## Dataset excerpts
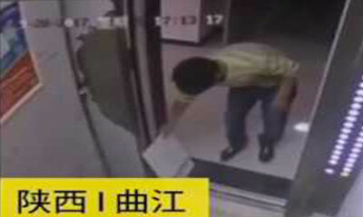 Aujourd’hui est parti en chine pour travailler comme employé de technicien de surface. Son job est de nettoyer les allées d'immeubles et alors qu’il souhaite bloquer la porte d’un ascenseur, il utilise une dalle de béton...
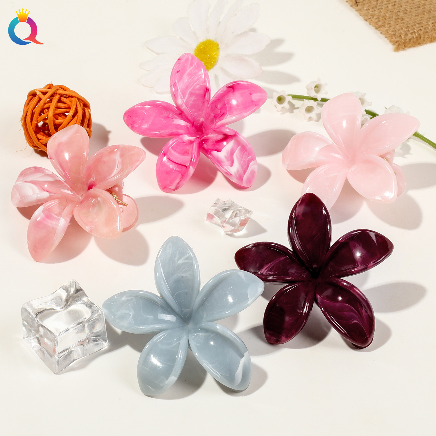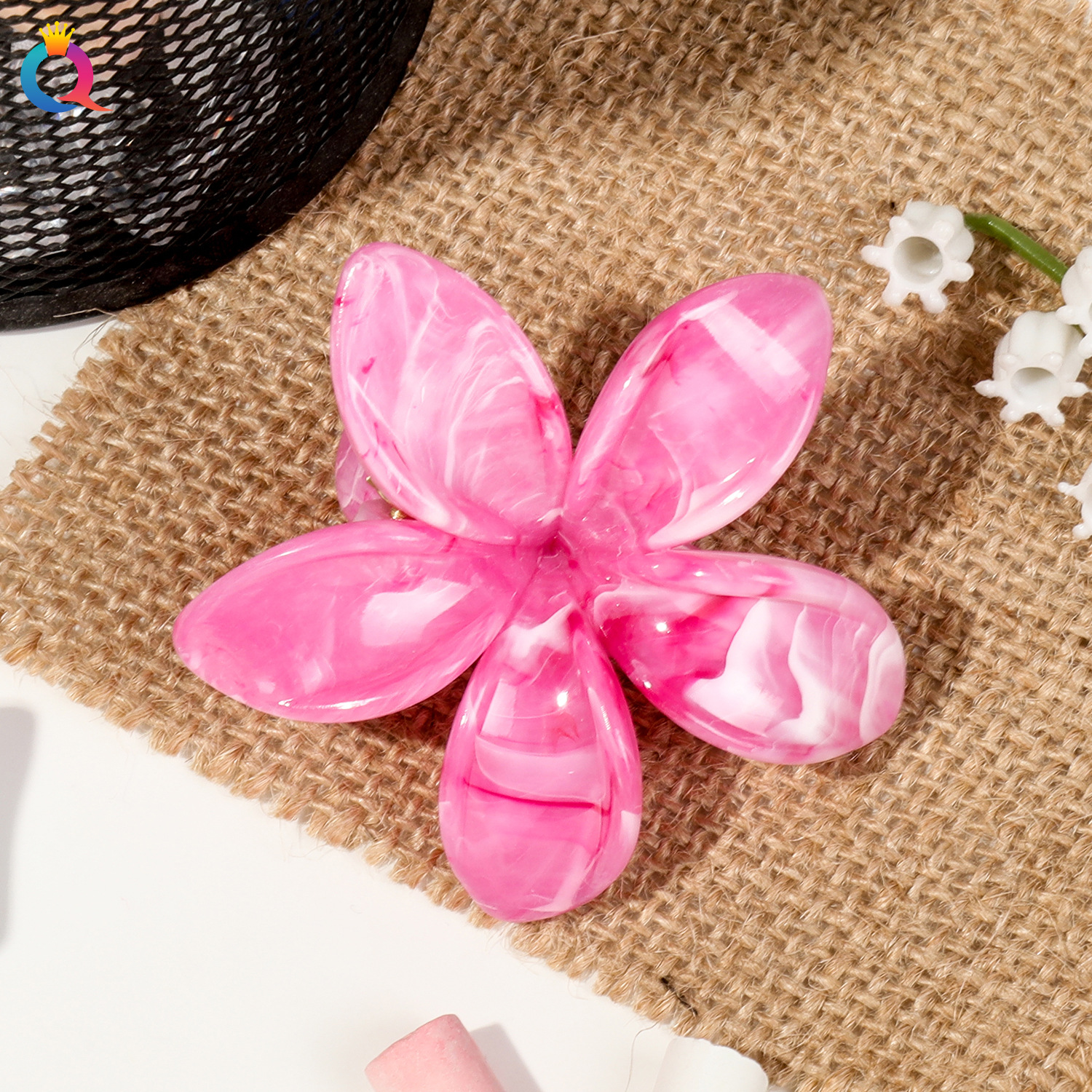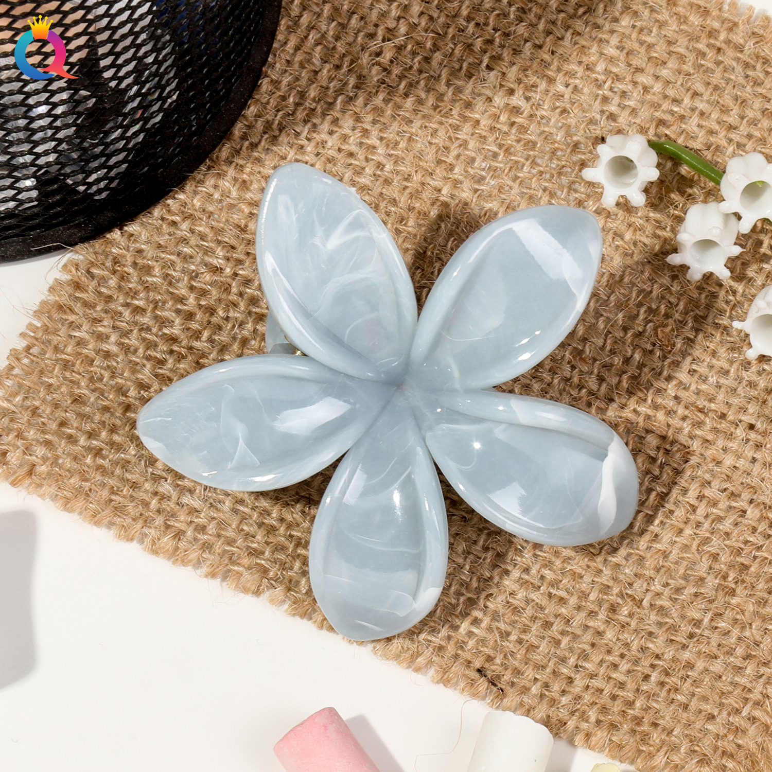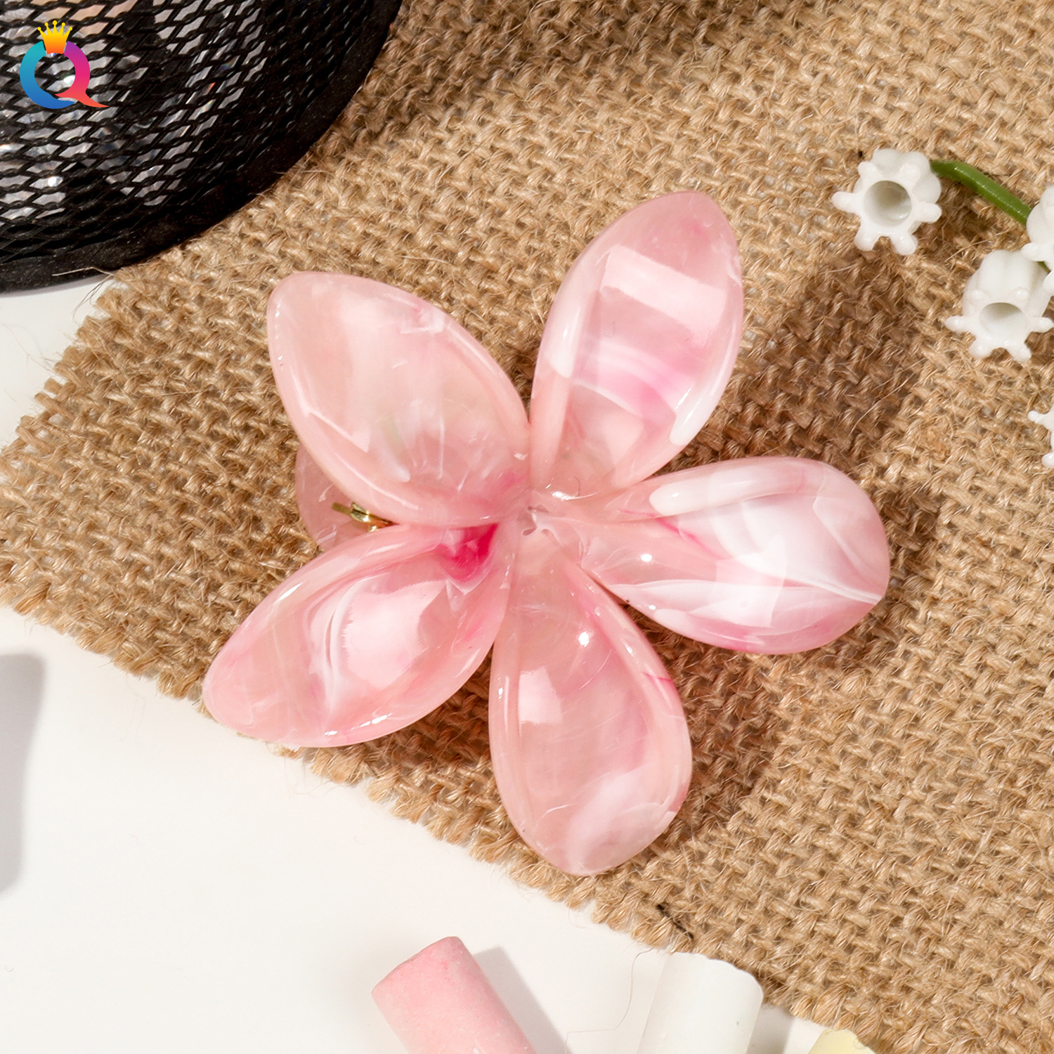 跨境大理石纹鸡蛋花发夹盘发花朵抓夹女鸭嘴夹发饰批发
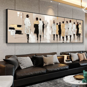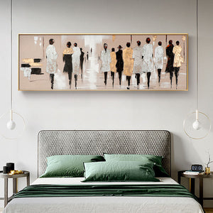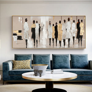 Step into the elegance of 'The Royal Gala.' This stunning painting captures a scene of refinement and beauty, with figures dressed in flowing white and gold. It's a celebration of movement, style, and grace that will bring timeless sophistication to your home.
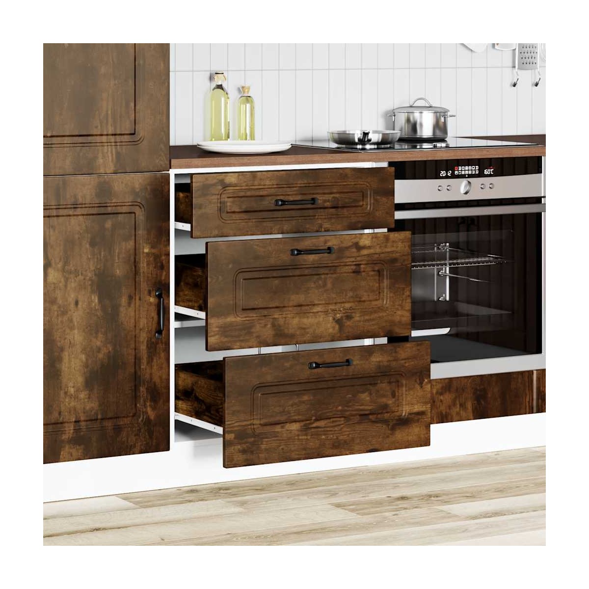 ¡Este gabinete base de cocina optimiza el espacio de su cocina y le brinda amplio espacio de almacenamiento para sus pertenencias personales! Material estable y duradero: La madera de ingeniería es un material duradero y estable con una superficie lisa que es resistente a la humedad, la deformación y la rotura, lo que la convierte en una opción fiable para una variedad de proyectos.Amplio espacio de almacenamiento: el gabinete base de la cocina ofrece suficiente espacio para guardar cuencos, platos, ollas y otros electrodomésticos de cocina.Puertas prácticas: la puerta ayuda a mantener un espacio limpio y organizado al ocultar los electrodomésticos de la cocina y el desorden detrás de ellos.Patas ajustables: las patas de este gabinete se pueden ajustar en altura para adaptarse al diseño de su cocina.Fácil de mantener: gracias a su superficie lisa, este mueble base de cocina es fácil de limpiar con un paño húmedo y requiere menos mantenimiento. Advertencia:Para evitar el vuelco, este producto debe usarse con el dispositivo provisto para fijarlo a la pared. Información útil:Los tornillos y los tacos para el interior de la pared no están incluidos. Busca y utiliza tornillos y tacos adecuados para tus paredes. Si no lo tienes claro, busca asesoramiento profesional. Lee y sigue cada paso de las instrucciones cuidadosamente.
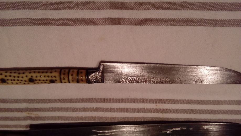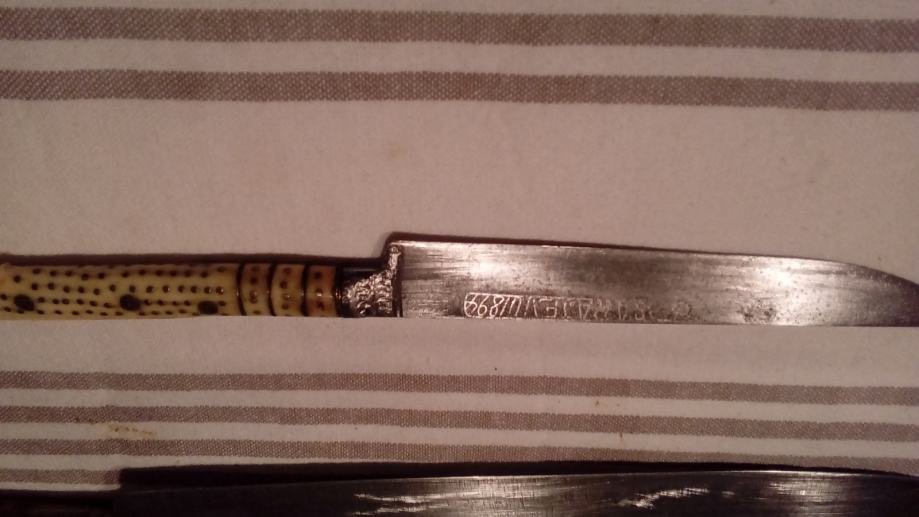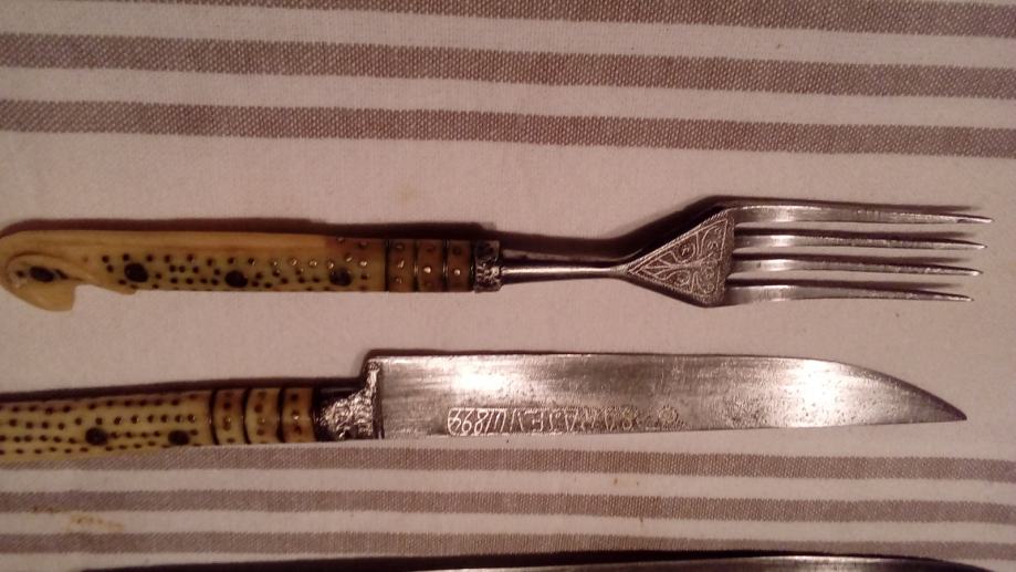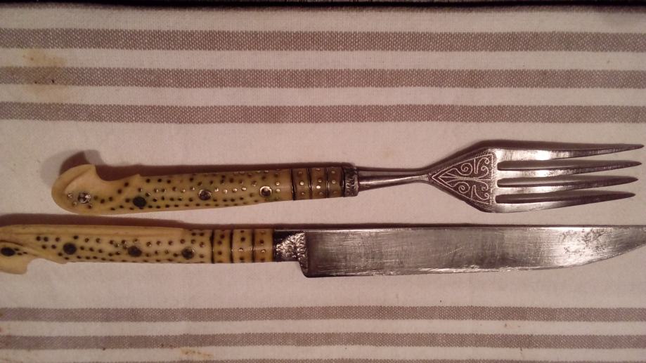 Pribor za jelo sa drškom od bjelokosti punciran srebrnom žicom u odličnom stanju. Može i zamjena za stari stilski namještaj
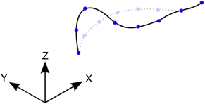 Figure 20. DeformCurve graphic typeThe ParamCurve graphic type is used to represent a curve defined in the model as a Reference_ParamCurve element. The graphic is defined by a number of straight line segments connecting vertices on the curve defined by curve_id.

## Work instructions
When you copy the entries, keep every word exactly as it stands and drop any pictures.

## Exercise answer
 Aujourd’hui est parti en chine pour travailler comme employé de technicien de surface. Son job est de nettoyer les allées d'immeubles et alors qu’il souhaite bloquer la porte d’un ascenseur, il utilise une dalle de béton...
 跨境大理石纹鸡蛋花发夹盘发花朵抓夹女鸭嘴夹发饰批发
 Step into the elegance of 'The Royal Gala.' This stunning painting captures a scene of refinement and beauty, with figures dressed in flowing white and gold. It's a celebration of movement, style, and grace that will bring timeless sophistication to your home.
 ¡Este gabinete base de cocina optimiza el espacio de su cocina y le brinda amplio espacio de almacenamiento para sus pertenencias personales! Material estable y duradero: La madera de ingeniería es un material duradero y estable con una superficie lisa que es resistente a la humedad, la deformación y la rotura, lo que la convierte en una opción fiable para una variedad de proyectos.Amplio espacio de almacenamiento: el gabinete base de la cocina ofrece suficiente espacio para guardar cuencos, platos, ollas y otros electrodomésticos de cocina.Puertas prácticas: la puerta ayuda a mantener un espacio limpio y organizado al ocultar los electrodomésticos de la cocina y el desorden detrás de ellos.Patas ajustables: las patas de este gabinete se pueden ajustar en altura para adaptarse al diseño de su cocina.Fácil de mantener: gracias a su superficie lisa, este mueble base de cocina es fácil de limpiar con un paño húmedo y requiere menos mantenimiento. Advertencia:Para evitar el vuelco, este producto debe usarse con el dispositivo provisto para fijarlo a la pared. Información útil:Los tornillos y los tacos para el interior de la pared no están incluidos. Busca y utiliza tornillos y tacos adecuados para tus paredes. Si no lo tienes claro, busca asesoramiento profesional. Lee y sigue cada paso de las instrucciones cuidadosamente.
 Pribor za jelo sa drškom od bjelokosti punciran srebrnom žicom u odličnom stanju. Može i zamjena za stari stilski namještaj
 Figure 20. DeformCurve graphic typeThe ParamCurve graphic type is used to represent a curve defined in the model as a Reference_ParamCurve element. The graphic is defined by a number of straight line segments connecting vertices on the curve defined by curve_id.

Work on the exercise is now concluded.